The board steering the new adjudicator on doctors’ fitness to practise is taking shape.
Two non-executive directors have been appointed to the Office of the Health Professions Adjudicator which, from 2011, will adjudicate on the cases brought before it by the GMC.
It is hoped that the separation of investigation from adjudication through the creation of OHPA will demonstrate that fitness to practise decisions are fair and effective and separate from the profession, regulator and government.
The newly appointed non-executive directors, Andrew Colquhoun and Pamela Charlwood, will work with the chair Walter Merricks to oversee the creation of this new independent body and regulatory system.
Colquhoun is chairman of the investigation committee of the Institute of Chartered Accountants, while Charlwood is vice chair of the Hampshire Partnership NHS Foundation Trust. Merricks, who becomes chair of OHPA on 1 November, has been the chief financial ombudsman.
Ian Barker, an MDU solicitor, welcomed the progress. “It’s right that the body that prosecutes does not adjudicate as well - it’s a basic principle of fairness,” he said.
He added that the OHPA is in the interests of doctors because while the public think the GMC goes easy on doctors, in reality, the opposite is true.
This split in role was recommended by Dame Janet Smith, who presided over the Shipman Inquiry, and the GMC will in future be confined to investigating complaints, gathering evidence, and ‘prosecuting’ cases.
The General Optical Council will follow the GMC in losing its adjudication role to the new office, and all healthcare professions will eventually abide by the same system.
It represents a significant step away from self-regulation, and follows an increase in lay representation within the GMC. Last year, the GMC also controversially changed the burden of proof required in making fitness to practise decisions.

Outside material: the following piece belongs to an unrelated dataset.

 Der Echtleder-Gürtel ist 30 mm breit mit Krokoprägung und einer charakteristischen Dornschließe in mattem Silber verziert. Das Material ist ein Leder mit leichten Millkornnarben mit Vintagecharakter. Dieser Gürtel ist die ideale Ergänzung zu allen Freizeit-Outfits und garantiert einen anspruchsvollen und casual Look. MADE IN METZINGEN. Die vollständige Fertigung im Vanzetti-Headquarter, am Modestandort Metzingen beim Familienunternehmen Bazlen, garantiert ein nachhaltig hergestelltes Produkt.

The civil standard of proof is now applied, so allegations no longer have to be proved beyond reasonable doubt but on the balance of probabilities.
It is hoped that OHPA’s development provides an opportunity to improve case management.

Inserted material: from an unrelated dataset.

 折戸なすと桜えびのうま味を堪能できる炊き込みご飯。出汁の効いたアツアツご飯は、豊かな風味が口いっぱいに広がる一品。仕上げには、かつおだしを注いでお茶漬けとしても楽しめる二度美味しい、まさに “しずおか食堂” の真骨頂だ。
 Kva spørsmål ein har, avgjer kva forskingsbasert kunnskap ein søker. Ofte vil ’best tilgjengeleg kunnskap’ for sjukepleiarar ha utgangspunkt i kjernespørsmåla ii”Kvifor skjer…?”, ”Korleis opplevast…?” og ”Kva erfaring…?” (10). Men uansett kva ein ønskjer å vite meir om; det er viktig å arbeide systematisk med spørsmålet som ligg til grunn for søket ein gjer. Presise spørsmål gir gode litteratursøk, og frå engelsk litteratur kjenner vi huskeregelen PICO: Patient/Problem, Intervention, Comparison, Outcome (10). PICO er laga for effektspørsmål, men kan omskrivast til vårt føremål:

MDU’s Barker believes the length of hearings and their cost could be reduced if the OHPA used legally qualified chairs on fitness to practise panels.
He said: “As it exists, a legal assessor advises the panel. But, gone are the days when you had a panel of 12 doctors needing independent legal advice. If you had a legal chair, they could make their own legal determinations and it would cut down on the considerable amount of time spent dealing with legal aspects.”